Замполит по образованию был ветеринаром, в армию был призван год назад, в армейской среде освоился быстро, но профессиональную терминологию не забыл. Завести стукача его побудило болезненное самолюбие. Дело в том, что он был лыс, и знал, что сие печальное обстоятельство служит для воинов поводом к грубым насмешкам. Уже не раз и не два он видел на стенах штабного вагончика черную круглую угольную баранью харю с глумливой подписью «лысый». И не раз слышал в строю, или когда проводил политзанятие это же гнуснейшее словцо, но никак не мог застигнуть ни одного негодяя.

Исломов серьезно воспринял ответственное поручение, и добросовестно пытался доводить до Карлсова, кто, что и как сказал. Правда, этому чудовищно мешал его малый словарный запас и отвратительная память, а впрямую поставить задачу замполит стеснялся. Так шло время, пока не наступил период всенародных выборов в Верховный Совет. Вот тут-то и засияла звезда Хусейна! Накануне выборов Карлсов вместе с Забулдаевым допоздна засиделись в канцелярии, планируя, как на высоком уровне провести голосование.

– Слушай, Иван, – говорил осоловевший прапорщик, – нам надо первыми проголосовать и доложить в политотдел. Понимаешь? Первыми…

– Как не понять! – тыкал вилкой в жареное мясо (накануне выдали паек) Карлсов. – Постараемся. В пять тридцать поднимем, в шесть проголосуем.

– Ха, какой ты шустрый! Как вша на гребешке! Как же мы их поднимем в полшестого? По уставу не положено! А вдруг Пучилову стуканут? А?

– Чего ж тогда делать? – Карлсов налил еще спирта.

– Вот именно? Думай, комиссар, думай! – прапорщик, шатаясь, заходил по комнатке. – Поднять должны в шесть, но ведь тогда не успеем… Даже если сразу к урнам гнать… Они ж, падлы, сонные…

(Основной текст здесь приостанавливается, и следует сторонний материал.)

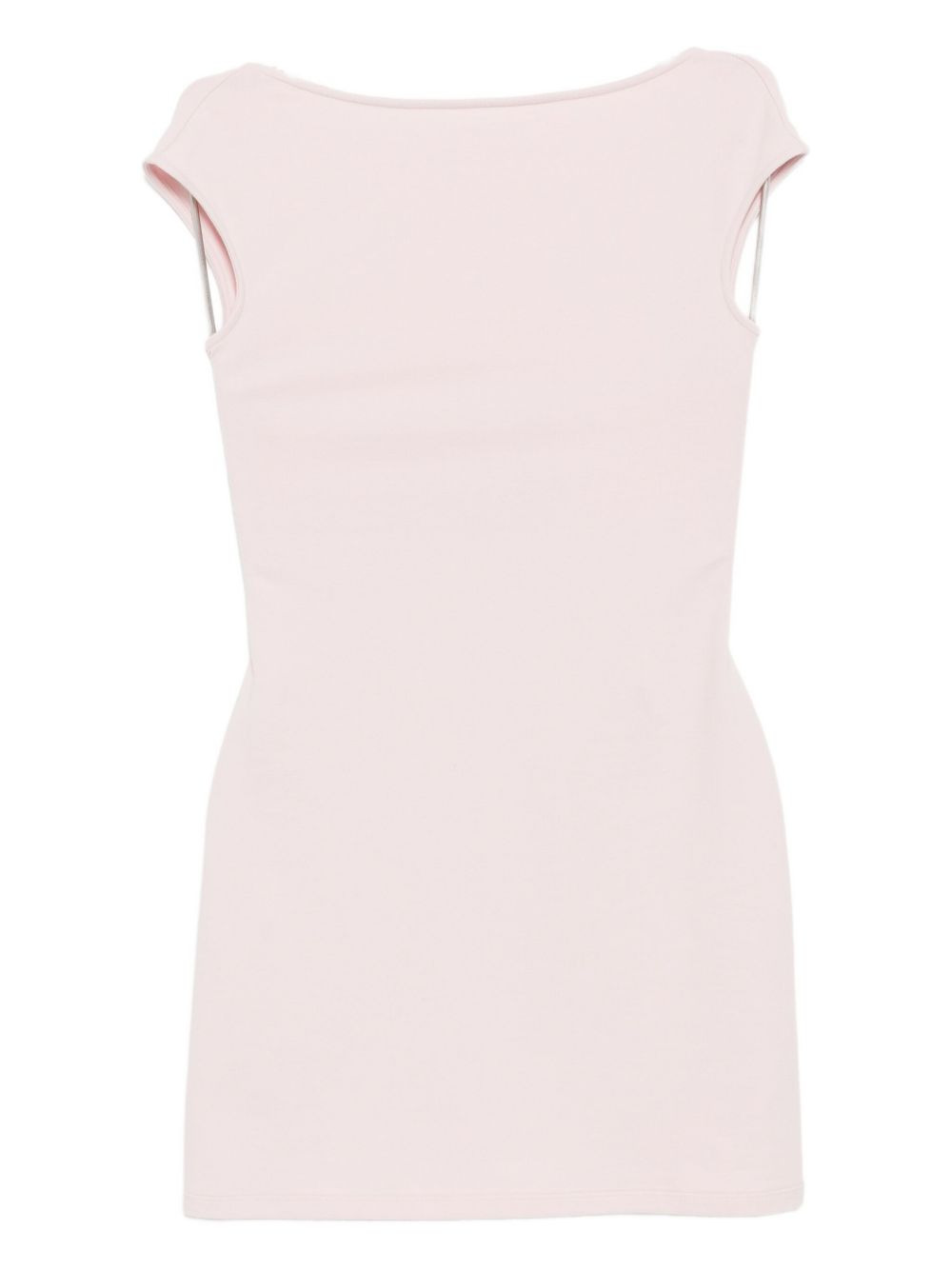 Soleil dress Highlights - Light pink - Open back - Short sleeves Imported Composition Organic Cotton 88%, Spandex/Elastane 12% SIZE & FIT Model measurements Height 5 ft 9 in(1.76 m) Bust/Chest 32.28 in(82 cm) Hips 35.82 in(91 cm) Waist 25.59 in(65 cm) FittingInformation Designed for a slim fit that sits just away from the body offering a close yet comfortable fit Made from a midweight stretch fabric, this piece offers elasticity and flexibility when worn

Карлсов хряпнул сто грамм, закусил огурцом и подпер голову волосатой ладонью. Верно, сонные они, и нерасторопные, как неживые… Будут тащиться к урнам, как черепахи… Черепахи… Тут вспомнилась ему вдруг по неизвестной причине картинка из старого школьного учебника. В каких глубинах памяти она хранилась, неизвестно, но всплыла оттуда, как аэростат в грозовое небо, и вынесла с собой вместе совершенно революционную идею. А был на картинке изображен древнегреческий голый бегущий мужчина в гребнистом шлеме, догоняющий черепаху…

Ровно в шесть утра дневальный по роте рядовой Валиахметов пронзительно возопил:

– Рота, подъем!

Тотчас же Забулдаев с Карлсовым, а также командиры первого и второго взводов прапорщики Шиш и Кренадзе усилили своими глотками данный призыв, и, не ограничиваясь этим, ринулись колотить по спинкам кроватей металлическими трубами, а также сбрасывать с солдат одеяла. В одну минуту перепуганная насмерть рота выстроилась повзводно в три колонны, и Карлсов взял слово.

– Солдаты, – кинул он прочувствованно. – Все мы знаем, какой сегодня день. Все мы, как один, готовы отдать свои голоса за кандидатов нерушимого блока коммунистов и беспартийных. Сейчас мы сделаем это быстро и организованно…кстати, хочу подчеркнуть, все делается строго в рамках устава – подъем ровно в шесть ноль ноль. Командиры взводов – раздать бюллетени!

Замполит отступил в сторону, и воины обратили внимание на три ящика, стоящих перед ними в некотором отдалении.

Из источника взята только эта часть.